#### TASK GOAL:
The answer must be only the lines below from the one holding "Adult Volleyball League" down to the one holding "CALL GIRL, March 24, 26", ends included, printed exactly; please omit all pictures.
** Opening SUPPLIED RECORDS block **
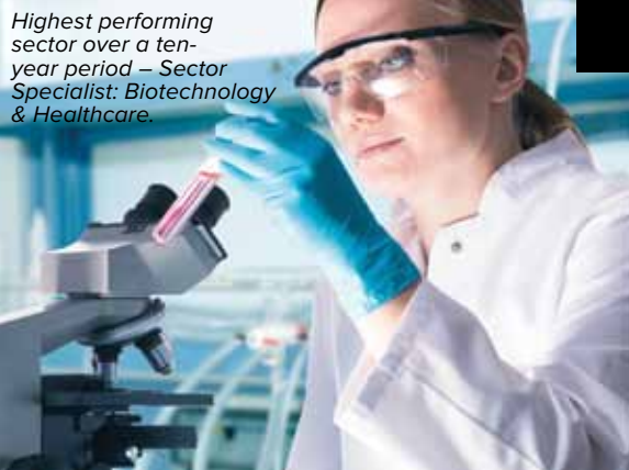
Highest performing sector over a ten-year period – Sector Specialist: Biotechnology & Healthcare.
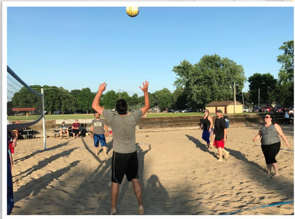
Adult Volleyball League
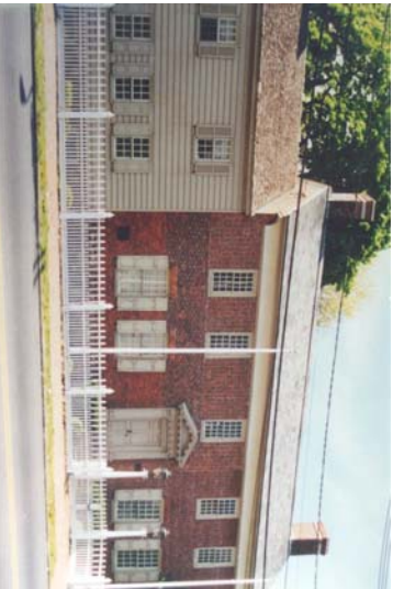
Nathaniel Bonnell Homestead & Belcher-Ogden Mansion
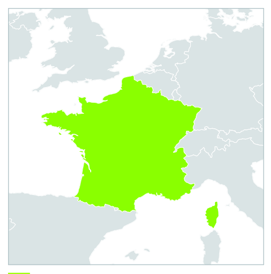
~100 % detailed street network
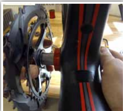
8. Install right crank arm, making sure wave washer and outer dust seal is installed.
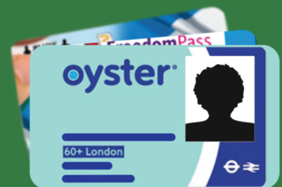
60+ Oyster photocard or a Freedom Pass
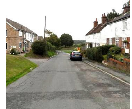
2. Hearten Oak Road
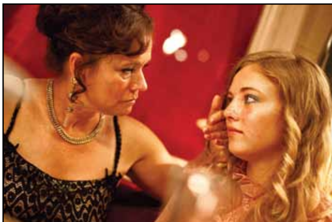
CALL GIRL, March 24, 26
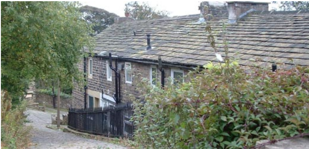
Cow Lane - note stone slate roofs, stone setts and original metal railings
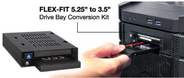
ICY DOCK FlexiDOCK MB521SP-B
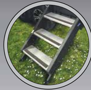
MORryde "STEP ABOVE" ZG ENTRY STEPS
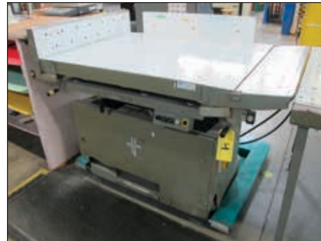
POLAR MOHR JOGGER MODEL RB5
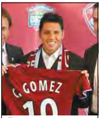
Deportes Page 9
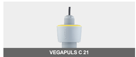
VEGAPULS C 21
** Closing SUPPLIED RECORDS block **
#### SOLUTION:
Adult Volleyball League
Nathaniel Bonnell Homestead & Belcher-Ogden Mansion
~100 % detailed street network
8. Install right crank arm, making sure wave washer and outer dust seal is installed.
60+ Oyster photocard or a Freedom Pass
2. Hearten Oak Road
CALL GIRL, March 24, 26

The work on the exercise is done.